For the entries below, copy exactly the line that contains "Détail : façade" through the line that contains "Bazuar në nenin", both ends included, and exclude all pictures.

● Working data:
● ● ● ●

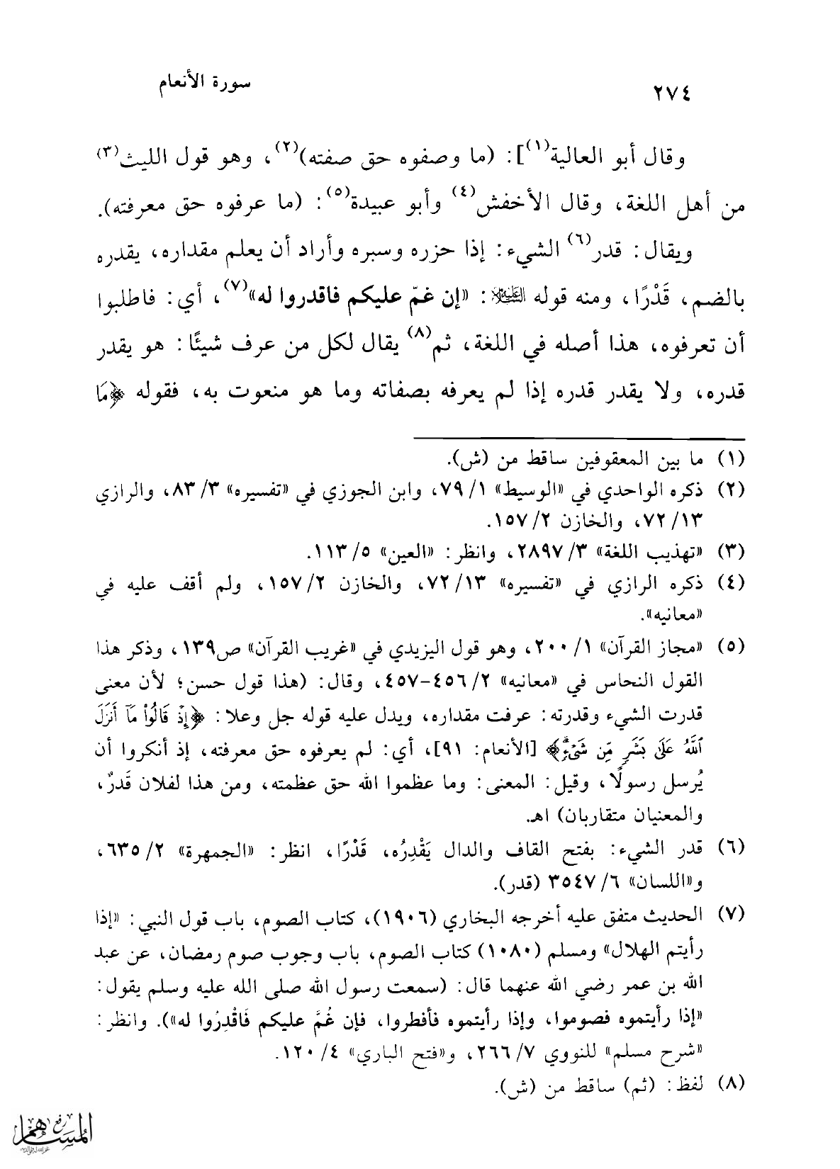 ويقال: قدر (¬6) الشيء: إذا حزره وسبره وأراد أن يعلم مقداره، يقدره بالضم، قَدْرًا، ومنه قوله عليه السلام: " إن غمّ عليكم فاقدروا له" (¬7)، أي: فاطلبوا أن تعرفوه، هذا أصله في اللغة، ثم (¬8) يقال لكل من عرف شيئًا: هو يقدر قدره، ولا يقدر قدره إذا لم يعرفه بصفاته وما هو منعوت به، فقوله {مَا
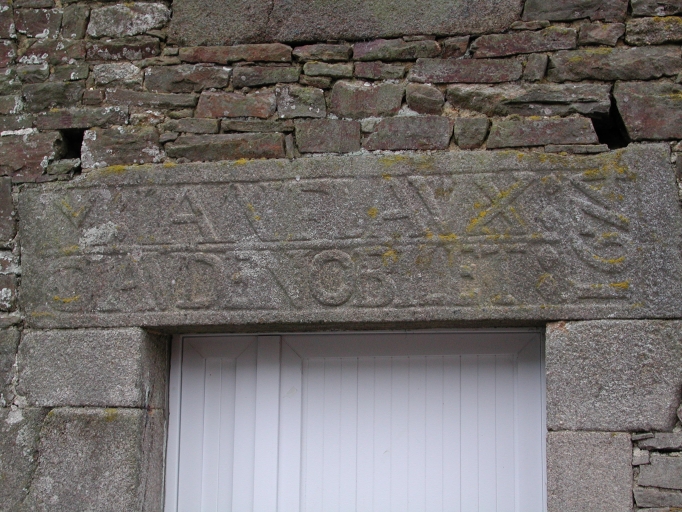 Détail : façade nord, linteau gravé 'M:LANFLAVX: / CLAUDENOBILET: / 1674'Immatriculation
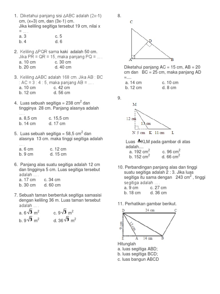Soalmatematikasmpkelas8lingkarandansegitiga
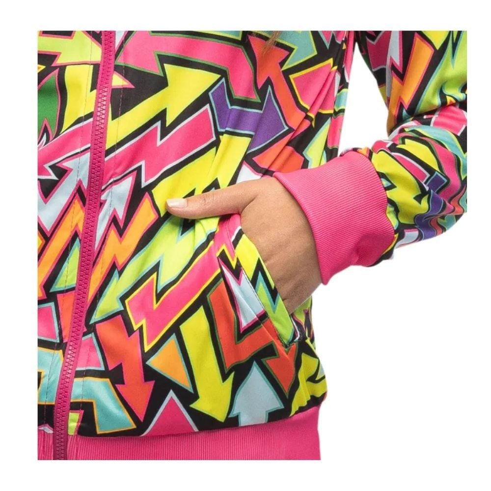 Réf. : ART-085895 Déguisement survêtement street art fluo pour femme afin d'afficher un style accrocheur lors de festivités. Son imprimé graphique multicolore brille sous lumière UV pour un effet vibrant en soirée. Confortable et pratique grâce à ses poches zippées, il est parfait pour les fêtes à thème, les festivals ou les soirées années 80-90. Original, fun et flashy : un look urbain qui en jette !
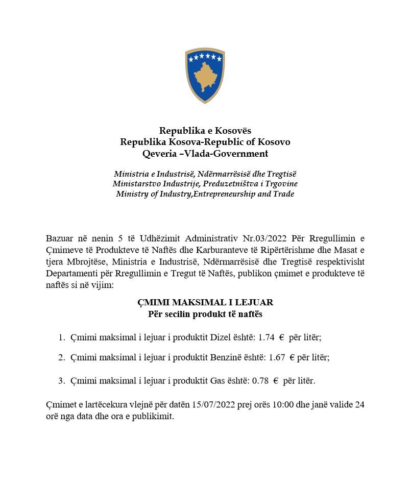 Bazuar në nenin 5 të Udhëzimit Administrativ Nr.03/2022 Për Rregullimin e Çmimeve të Produkteve të Naftës dhe Karburanteve të Ripërtërishme dhe Masat e tjera Mbrojtëse, Ministria e Industrisë, Ndërmarrësisë dhe Tregtisë respektivisht Departamenti për Rregullimin e Tregut të Naftës, publikon çmimet e produkteve të naftës si në vijim:
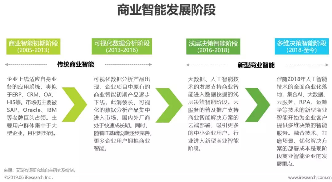 围绕数据分析与智能化技术的不断迭代创新,商业智能至今共经历四次变革,实现由传统商业智能向新型商业智能的转变过程。商业智能初期阶段用户主要集中于大型企业,产品智能化程度低且部署成本高。随着基础设施建设的日益完善与可视化产品的出现,大量国内外商业智能厂商涌现并迅速发展,推动商业智能技术普及应用。2016年开始,大数据、人工智能、云服务技术的革新发展推动浅层决策智能走向成熟,云端部署能力则吸引更多的中小企业用户,新型商业智能时代逐步开启。现阶段新型商业智能已进入快速成长期,技术融合有效增进了产品的多维智能决策能力,在不断优化解决方案能力的同时可有效降低应用成本。
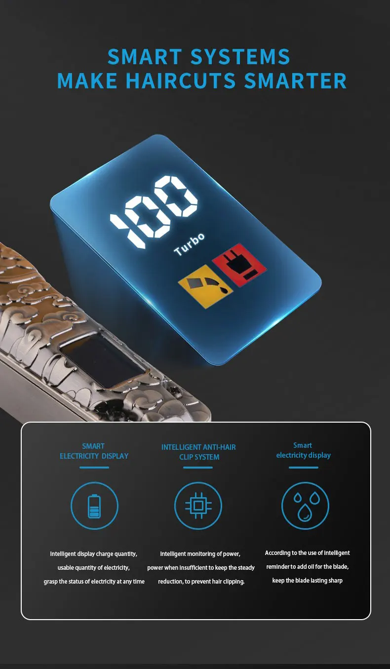 Function: wet haircut,dry haircut,Fast Charging,Charging indication

● ● ● ●

● Answer section:
 Détail : façade nord, linteau gravé 'M:LANFLAVX: / CLAUDENOBILET: / 1674'Immatriculation
Soalmatematikasmpkelas8lingkarandansegitiga
 Réf. : ART-085895 Déguisement survêtement street art fluo pour femme afin d'afficher un style accrocheur lors de festivités. Son imprimé graphique multicolore brille sous lumière UV pour un effet vibrant en soirée. Confortable et pratique grâce à ses poches zippées, il est parfait pour les fêtes à thème, les festivals ou les soirées années 80-90. Original, fun et flashy : un look urbain qui en jette !
 Bazuar në nenin 5 të Udhëzimit Administrativ Nr.03/2022 Për Rregullimin e Çmimeve të Produkteve të Naftës dhe Karburanteve të Ripërtërishme dhe Masat e tjera Mbrojtëse, Ministria e Industrisë, Ndërmarrësisë dhe Tregtisë respektivisht Departamenti për Rregullimin e Tregut të Naftës, publikon çmimet e produkteve të naftës si në vijim:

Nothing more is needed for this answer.